Transcriptome-wide association studies (TWAS) have been successful in identifying putative disease susceptibility genes by integrating cis-variants predicted gene expression with genome-wide association studies (GWAS) data, while trans-located variants for predicting gene expression remain largely unexplored. We introduce transTF-TWAS, by including transcription factor (TF)-linked trans-located variants to improve model building. Using data from the Genotype-Tissue Expression project and large disease GWAS datasets, we demonstrate that transTF-TWAS surpasses other existing TWAS approaches in both building gene prediction models and identifying disease-associated genes, from both simulations and real data analysis. Our sTF-TWAS approach can significantly enhance the discovery of disease risk genes.
1) Identifying cis-variants associate with TFs:
Step I - Identifying cis-variants associate with TFs: we firstly identified cis- variants located in STFCREs that potentially affect expression of a TF (e.g., FOXA1) by conducting cis-eQTL analysis and analyzing epigenetic data generated in breast-related cells. A set of the cis-variants regulating TF expression was determined based on the significant associations between TF gene expression and cis-variants (eQTL analysis), and/or variants with evidence of regulatory interactions with proximal promoters or distal enhancer-promoter regions (Fig. 1A).

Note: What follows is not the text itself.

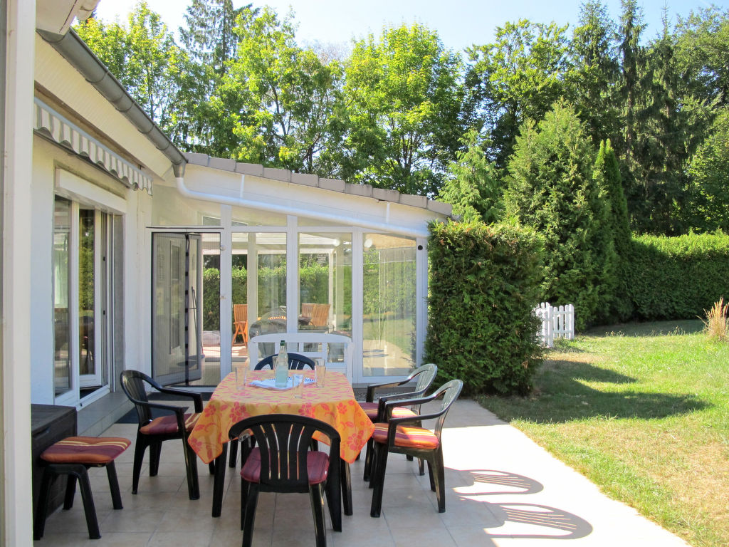 3-Zimmer-Haus 130 m2. Gemütlich eingerichtet: Wohn-/Schlafzimmer mit 1 Bett, 1 Ausziehbett, Esstisch und Sat-TV (Flachbildschirm), Radio und DVD. Ausgang zur Terrasse. Durchgangszimmer mit 1 Doppelbett, Esstisch, Küchenblock und Dusche/WC. Ausgang zur Terrasse. 1 Doppelzimmer. Spielzimmer. Küche (Backofen, Geschirrspüler, 4 Glaskeramikherd Platten, Toaster, Wasserkocher, Mikrowelle, Tiefkühler, elektrische Kaffeemaschine). Dusche/WC. G-Heizung. Parkettböden. Terrasse überdacht, Südostlage Terrasse, Westlage. Terrassenmöbel, Gartengrill (mobil). Zur Verfügung: Bügeleisen, Kinderhochstuhl, Babybett. Internet (Wireless LAN). Bitte beachten: Nichtraucher-Unterkunft. Rauchmelder.

We downloaded approximately 3.6 million DNase I hypersensitive sites (DHSs) regions within human genome sequence (https://www.meuleman.org/research/dhsindex/). The enhancer regions were downloaded from EpiMap repository (http://compbio.mit.edu/epimap), which contains ~2M non-tissue specific enhancer regions. The CAGE peak regions were downloaded from FANTOM5 (https://fantom.gsc.riken.jp/5/data/), and we also included all regions within transcription start site (TSS) +/-2K for each gene as promoter regions. The eQTLs were downloaded from the GTEx portal (https://www.gtexportal.org/home/datasets/) and eQTLGen(https://www.eqtlgen.org/cis-eqtls.html). The Enhancer to gene link information across 833 cell-types was downloaded from EpiMap repository (https://personal.broadinstitute.org/cboix/epimap/links/links_corr_only/). We all used cell-type specific chromatin-chromatin interaction data from the 4D genomics(https://4dgenome.research.chop.edu/Tables/4DGenome_HomoSapiens_hg19.txt) and previous literature [1]. Finally, the TF-cis-regulatory-variants were identified based on the significant associations from eQTL results, and the regulatory evidence from the variants linked to the TF. Codes refers to ./code/WriteTFeQTL.py.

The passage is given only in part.